На совсем другом перекрестке развития музыки к такой детализации придет Рихард Вагнер, закрепляя за своими музыкальными микротемами — лейтмотивами — не только определенные образы героев или предметов, но и огромное количество эмоций. В Тристане и Изольде это доходит до предела: здесь встречаются лейтмотив любовного взгляда, лейтмотив экстаза любви, лейтмотив любви-смерти и еще около десяти разновидностей только любовных лейтмотивов. Это та точка, в которой предельная конкретность смыкается с предельной абстрактностью. Бертран Рассел описывает мыслительный «тупик» материалиста Зенона (IV в. до н.э.), главным тезисом которого было утверждение существования реального мира.

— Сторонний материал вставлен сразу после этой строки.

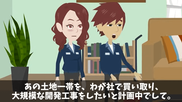 女性社員は妻が所有している土地を売ってほしいと言いました。 そして今、大規模な開発工事のためにあの土地一帯を買い取っていることを説明します。
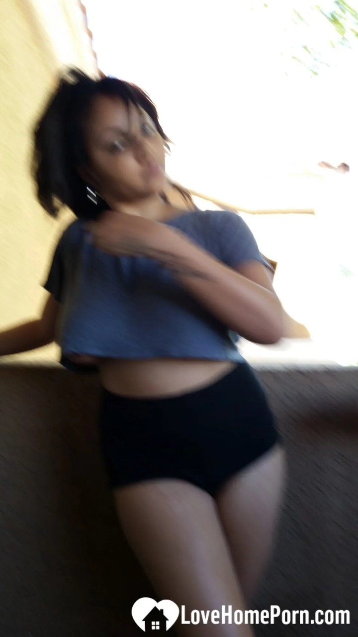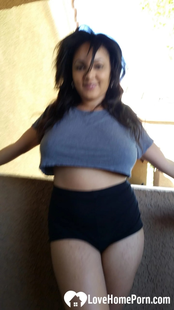 ぽっちゃり黒人素人がセクシーシャツでブラなしでバルコニーに

— «Что ты подразумеваешь, говоря „реальный“?» — спрашивали его.
— «Я имею в виду, что он прочен и материален. Я имею в виду, что этот стол — прочная материя».
— «А Бог, — продолжали спрашивать его, а Душа?»
— «Совершенно прочные. Более прочные, чем что-либо, чем стол».
— «А добродетель, или справедливость, или тройное правило — также прочная материя?» — «Конечно, — говорил Зенон, — вполне прочная».

Подобно тому как материализм в своем пределе дает радикальный почти соллипсический идеализм, желание композитора выразить как можно точнее большое количество очень конкретных эмоций приводит к предельному абстрагированию эмоции. Такая абстрагированная эмоция и есть аффект — всегда конкретный и всегда неопределимый словесно.

Неслучайно аналогия с барочным аффектом возникла именно у Вагнера: музыка Вагнера (особенно Тристан и Парсифаль) отличается внутри XIX века особым музыкальным временем, и именно Вагнер ввел понятие бесконечная мелодия — этот аффект без конца и без края, неостановимый в своем развертывании. И именно у Вагнера аффект был амбивалентным — он осциллировал в пространстве LiebesTod (любви-смерти).

В целом же теория аффектов внеположна романтизму. Казалось бы, в самом выделении аффектов как эмоций, которые может вызывать в человеке музыка, заложено то понимание музыкальной эмоциональности, которое мы встретим в романтизме. На самом деле перед нами нечто противоположное: барочный аффект — это замороженная эмоция, эмоция, застывшая в одном совершенном жесте, а значит — эмоция одновременно и очень сильная, и предельно отстраненная. В этом смысле теория аффектов гораздо ближе античному этосу — системе закрепленных за конкретными музыкальными ладами этических функций — к которому очевидно восходит.

Классицизм приносит совершенно новую систему мышления, но, хотя в классицизме барочные аффекты уже не работают, «эмоционирование» классицизма все же отлично от романтического: «классические типы-характеры даны не во времени, а в интеллигибельной самотождественности».

© Фото Настасья Хрущева

XIX век с романтическим культом субъективного выражения эмоции на место аффекта поставил тонко детализированную музыкальную психограмму чувства. Это время, когда музыка находилась под воздействием литературы — что выражалось не только в музыке с текстом или программной музыке, но и в том, что само развитие темы (героя), ее столкновение с другими темами (другими героями), их разработка (взаимодействие) превращались в литературный, последовательный и горизонтальный по своей природе нарратив.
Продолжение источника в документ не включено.